Hierarchical clustering

iris.scaled <- scale(iris[, -5])

The next step is to compute the Euclidean distances and hierarchical clustering with complete linkage (other linkage such as single, average, centroid, ward.D can also be used).

# Compute distances and hierarchical clustering
dd <- dist(iris.scaled, method = "euclidean")
hc <- hclust(dd, method = "complete")
hc

## 
## Call:
## hclust(d = dd, method = "complete")
## 
## Cluster method   : complete 
## Distance         : euclidean 
## Number of objects: 150

We can visualise the object by using a dendrogram. This will enable us to determine the point to cut the tree, resulting in the number of clusters.

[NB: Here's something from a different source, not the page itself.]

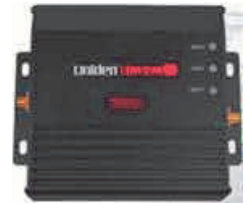
Uniden UM2M In-Vehicle Booster

dendros <- as.dendrogram(hc)
plot(dendros, main = "Iris data - Complete linkage",
     ylab = "Height")
abline(h=0.2, lty = 2, col="red")
abline(h=0.428, lty = 2, col="blue")#point 116 and 142 are merged
Hs <- hc$height[(length(hc$height)-4):length(hc$height)]
abline(h=Hs, col=3, lty=2)

The height axis on the dendrogram displays the dissimilarity between observations and/or clusters. The horizontal bars indicate the point at which two clusters/observations are merged. Thus, observations 137 and 149 are merged at a distance (height) of 0.2 (see the red line and carefully read the numbers on the x-axis). Also, observations 111 and 116 are merged at a height of about 0.428 (see the blue line).

Dissimilarity scores between merged clusters only increases as we run the algorithm. In other words, we can draw a proper dendrogram, where the height of a parent is always higher than height of its daughters. This property is called no inversion property which is illustrated with dashed green lines in the plot.

Visualisation of the plot above can be improved by using the fviz_cluster() and fviz_dend() function in factoextra package (we will be able to see the observations number clearly) as follows:

library(factoextra)

fviz_cluster(list(data=iris.scaled, cluster=cutree(hc, 3)), ellipse.type = "norm")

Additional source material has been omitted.